The Clinical Community Relationships Measures (CCRM) Atlas “defines, measures, and evaluates” programs relying on clinical-community relationships in order to deliver clinical preventive services. The CCRM Atlas was developed for Agency for Healthcare Research and Quality (AHRQ) as a means to improve primary care through a preventive and chronic care program.
Geography: United States; Focus Area: Deployment of preventive services through clinician-community connections
The approaches detailed in the CCRM Atlas enable community-based organizations to cooperate, coordinate, and collaborate in the delivery of preventive care services in clinical settings. Important components of the CCRM Atlas include a measurement framework (measures of clinical-community relationships), interventions to improve research, quality, and delivery of clinical preventive services.
The CCRM Atlas for Enabling Preventive Services through Clinical-Community Connections
The CCRM Atlas provides a rationale and recommendations to deliver preventive services without insurance cost-sharing, to address high costs of healthcare and morbidity rates. Several barriers exist for the delivery of preventive services in primary care settings, such as staffing shortage, time constraints, and problems with reimbursements.
The delivery of these services may be possible through successful partnerships of primary care providers with community-based organizations and local health departments (non-clinical organizations with shared interests).
The CCRM measurement framework (defining clinical-community relationships to deliver preventive care) includes a structure, process, and outcome measures. It defines the characteristics of patients, clinicians, and community organizations, and their relationships and interactions.

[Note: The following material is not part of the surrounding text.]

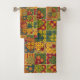 Patchwork Pattern Heart Button Stripe Green Yellow Bath Towel Set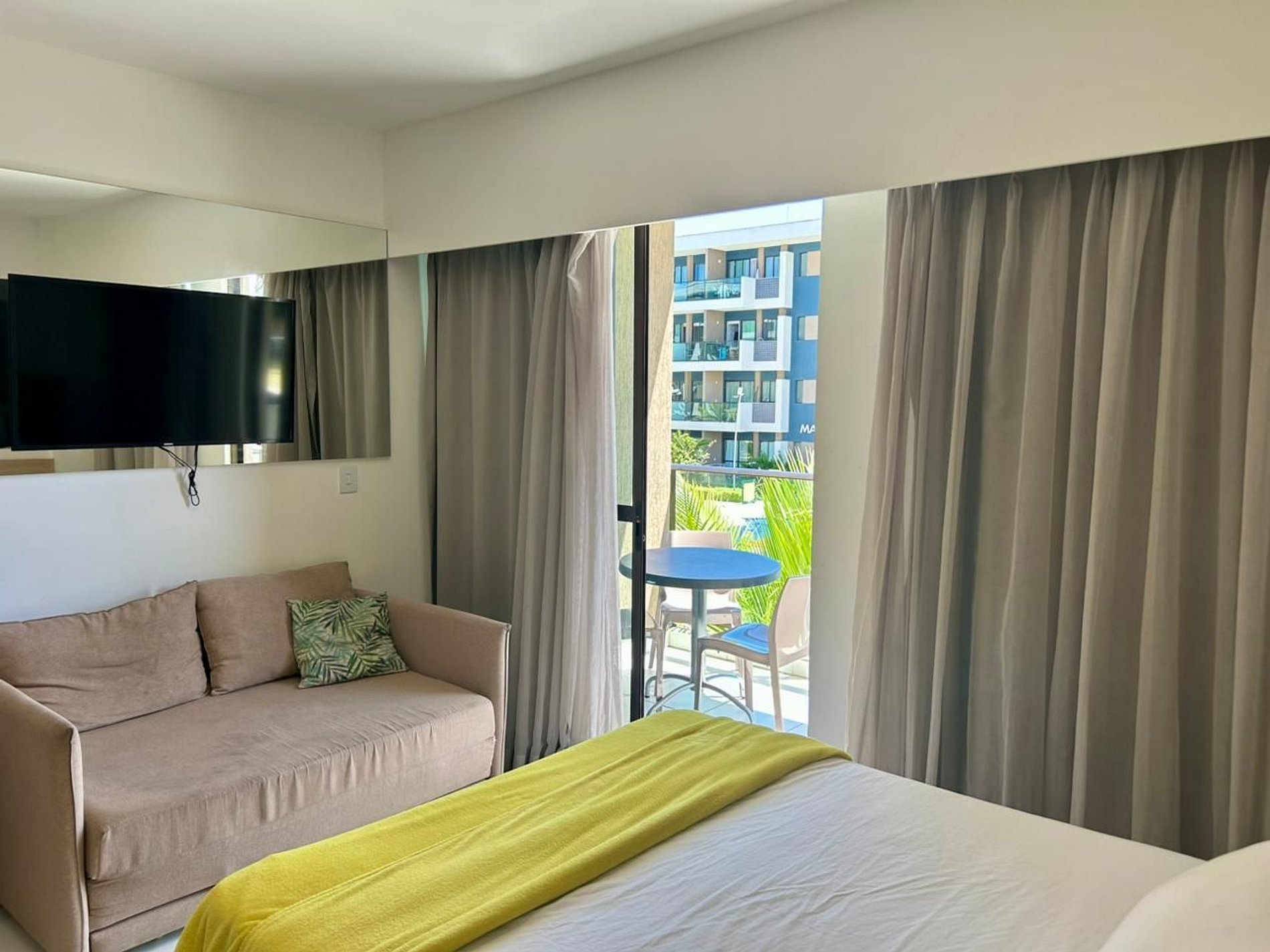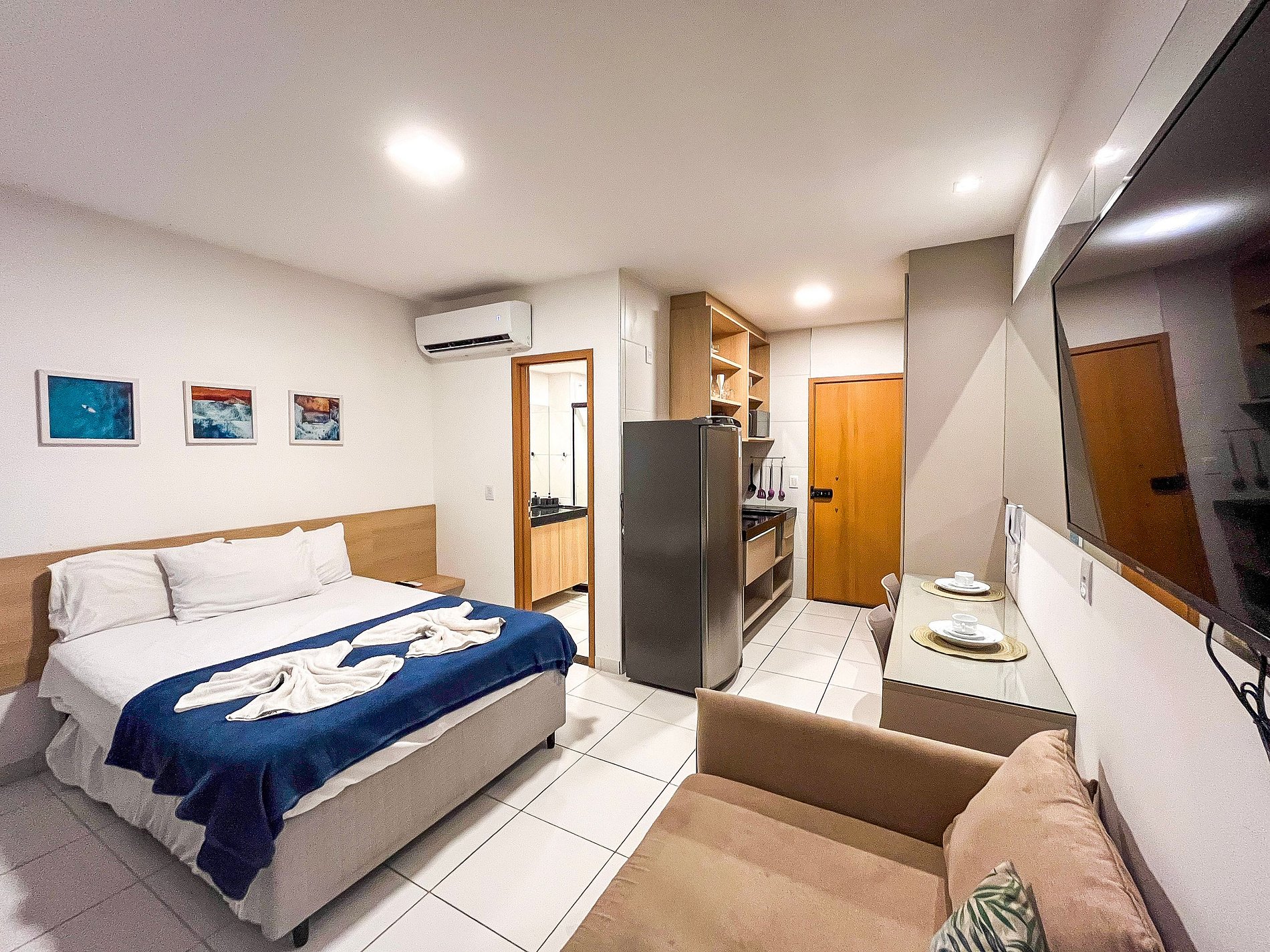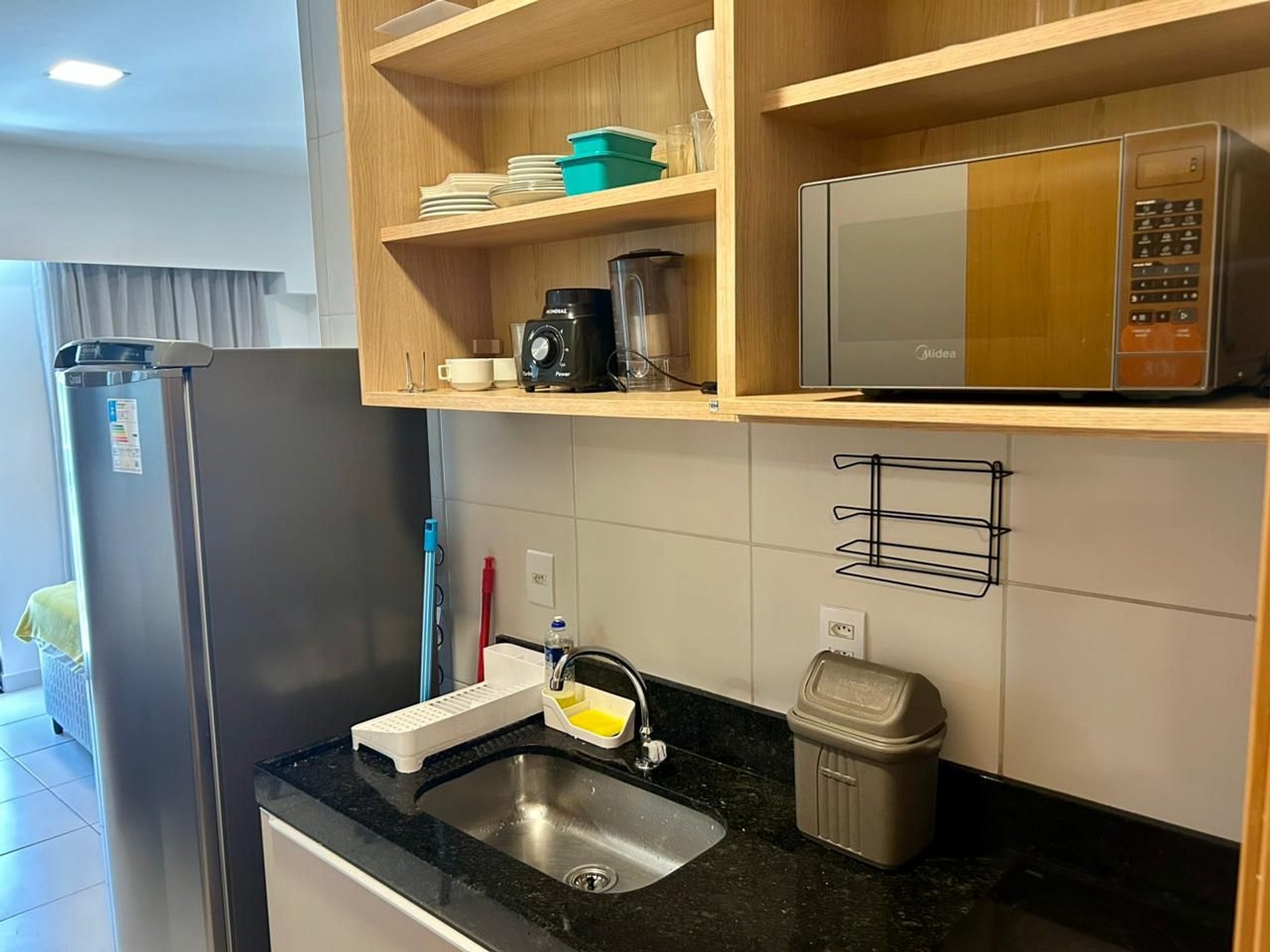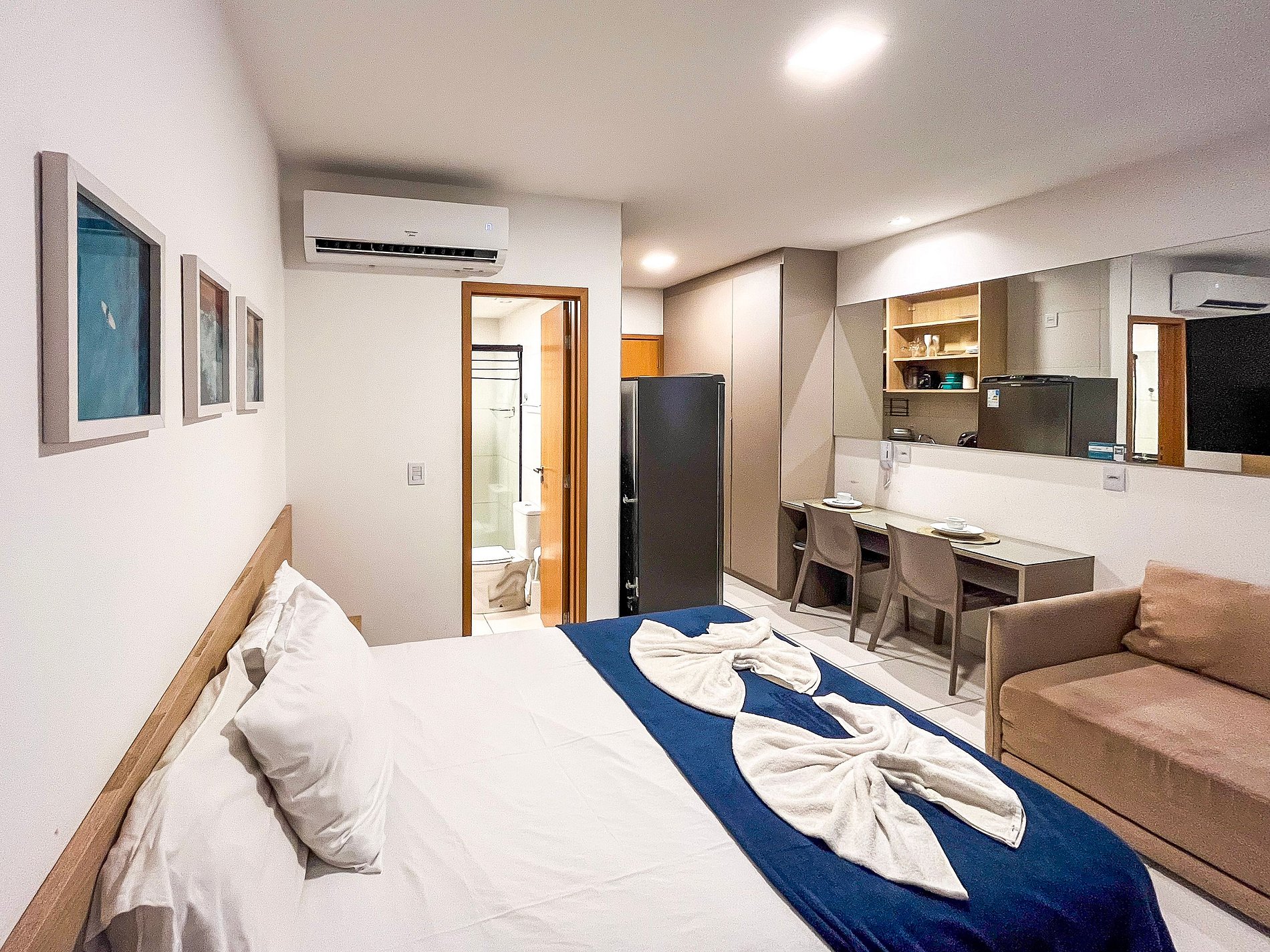 O apartamento de 30 m² acomoda até quatro pessoas com o conforto que você precisa: ar-condicionado, TV, Wi-Fi, varanda e uma cozinha compacta equipada, ideal para quem busca uma estadia funcional e agradável pertinho da praia. É o lugar ideal para quem deseja curtir a praia com conforto. Entre os principais atrativos estão piscina, jacuzzi, academia, restaurante, salão de jogos, campo de futebol, academia e espaços amplos para momentos de descanso e diversão.

An example of a clinical-community relationship is when a primary care provider makes a connection with a a community resource to provide a preventive service such as tobacco screening and counseling. The clinical setting and community resource then work together with at least one of the Himmelman strategies i.e. coordinating, cooperating, networking, and collaborating.
There is a distinction between care coordination and clinical-community relationships in that the former happens between healthcare organizations, while the latter is a subset of care coordination happening between community-based resources (not considered healthcare organizations) and clinics. In this regard, the Expanded Chronic Care Model provides a broader context, with a clinician supported by a team of care professionals with diverse roles.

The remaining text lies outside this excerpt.